▶ _Task instructions_:
Return each line of the listing below, unchanged, and omit the images.

▶ _Supplied material_:
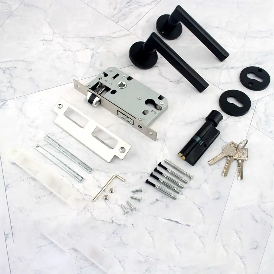 European Silent Bearing Door Handle Lock Set with Metal Keys Black Anti-theft Security for Bedroom Doors
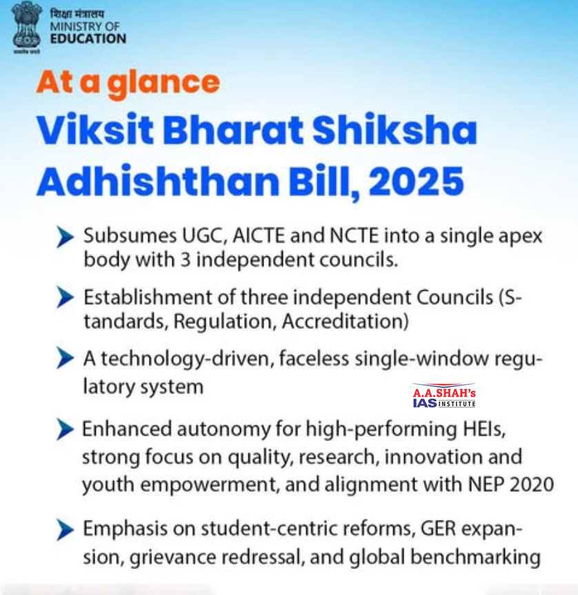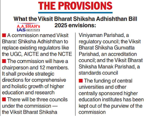 - The Bill proposes to subsume these bodies, and the National Council for Teacher Education (NCTE) into a single 12-member Commission, under which three separate Regulatory, Accreditation, and Standards Councils will operate.
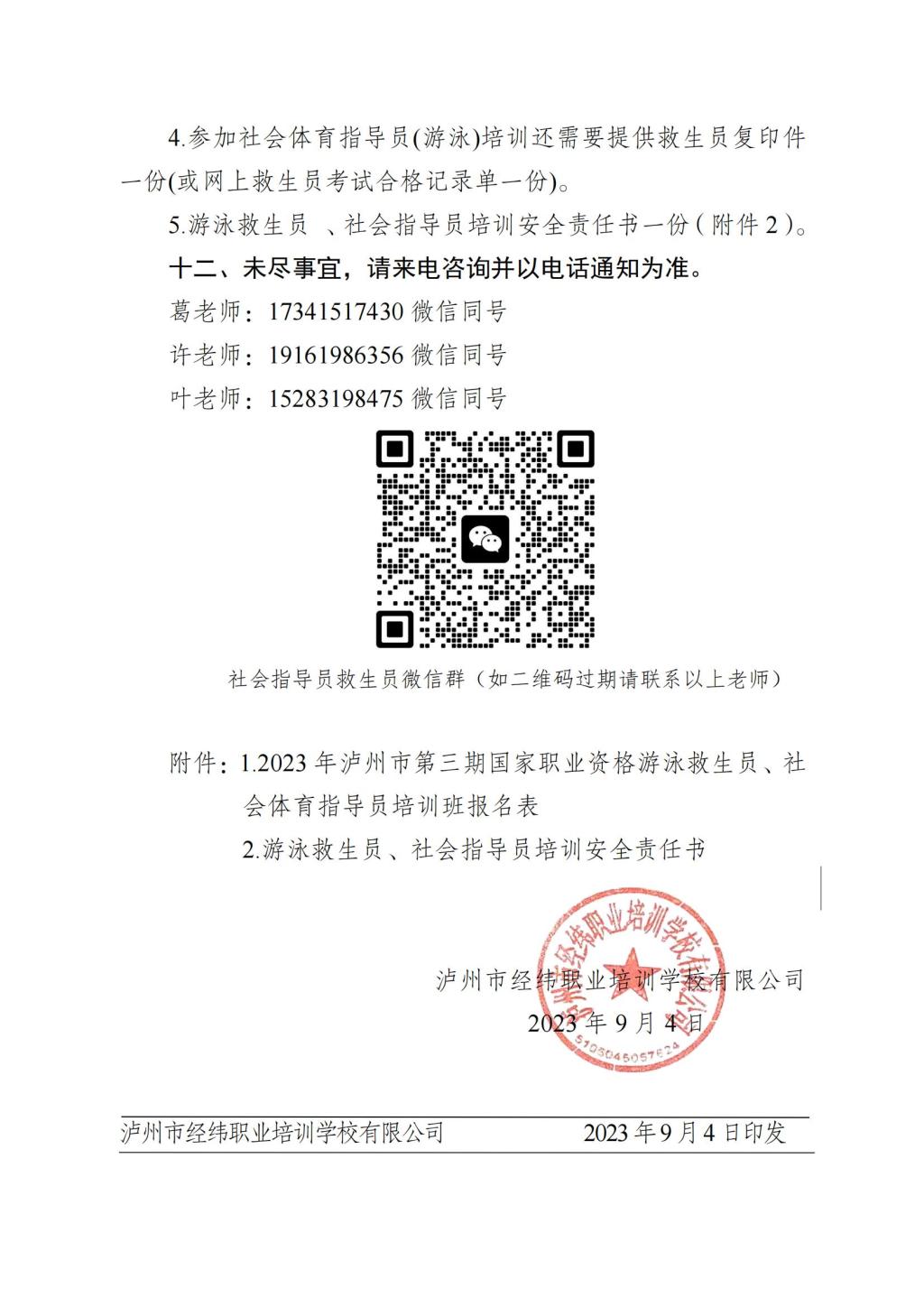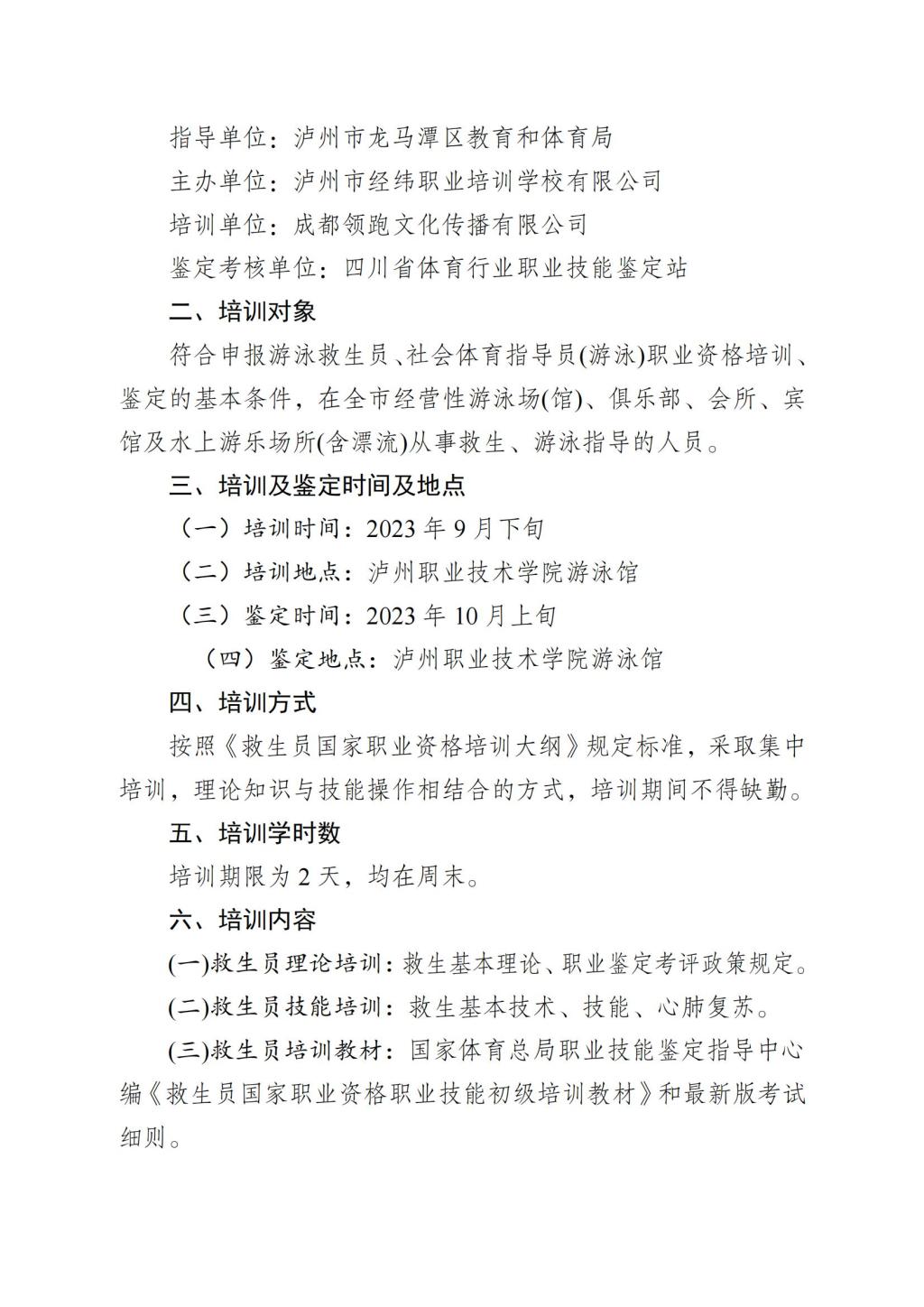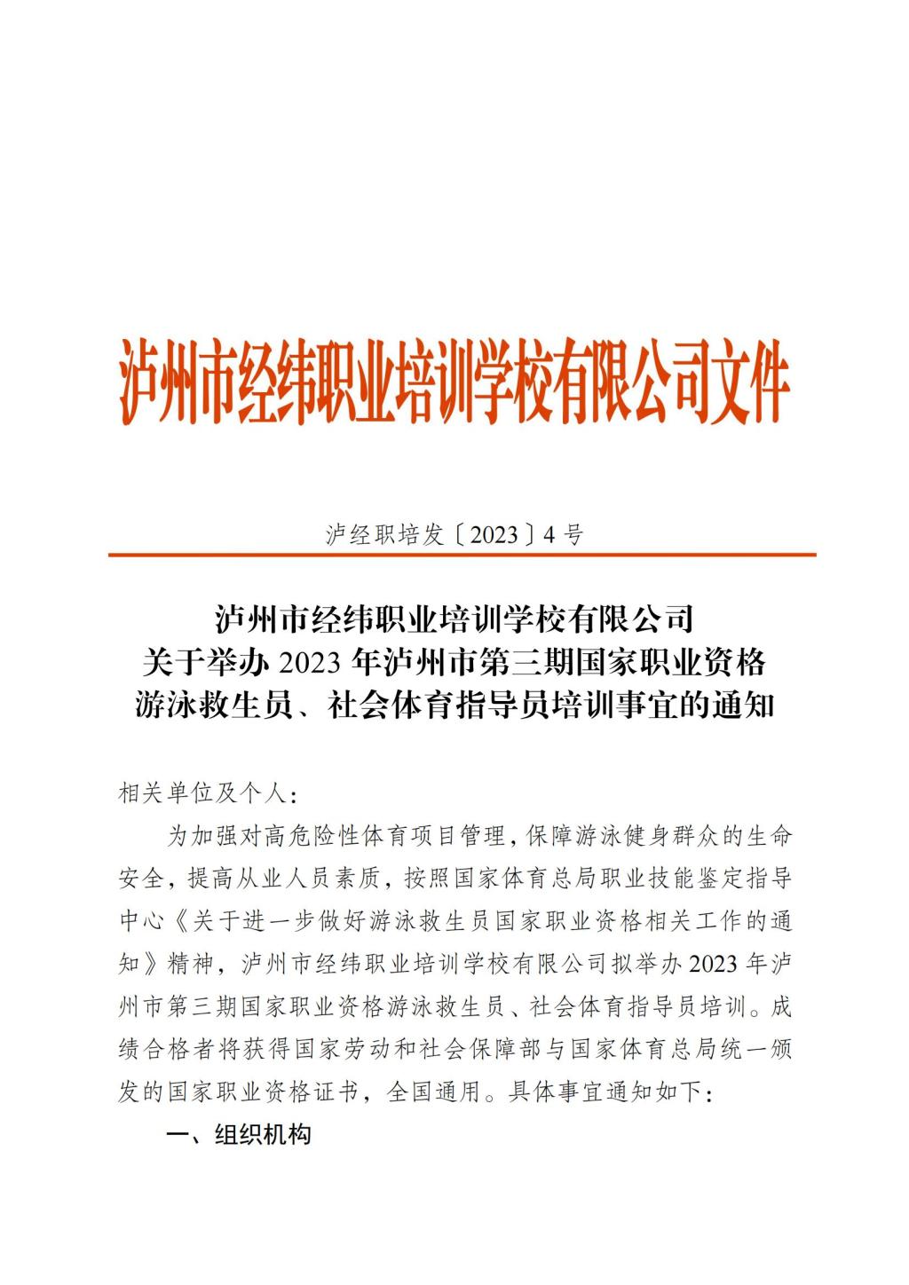 瀘州市經(jīng)緯職業(yè)培訓(xùn)學(xué)校有限公司關(guān)于舉辦2023年瀘州市第三期國(guó)家職業(yè)資格游泳救生員、社會(huì)體育指導(dǎo)員培訓(xùn)事宜的通知

▶ _Written response_:
 European Silent Bearing Door Handle Lock Set with Metal Keys Black Anti-theft Security for Bedroom Doors
 - The Bill proposes to subsume these bodies, and the National Council for Teacher Education (NCTE) into a single 12-member Commission, under which three separate Regulatory, Accreditation, and Standards Councils will operate.
 瀘州市經(jīng)緯職業(yè)培訓(xùn)學(xué)校有限公司關(guān)于舉辦2023年瀘州市第三期國(guó)家職業(yè)資格游泳救生員、社會(huì)體育指導(dǎo)員培訓(xùn)事宜的通知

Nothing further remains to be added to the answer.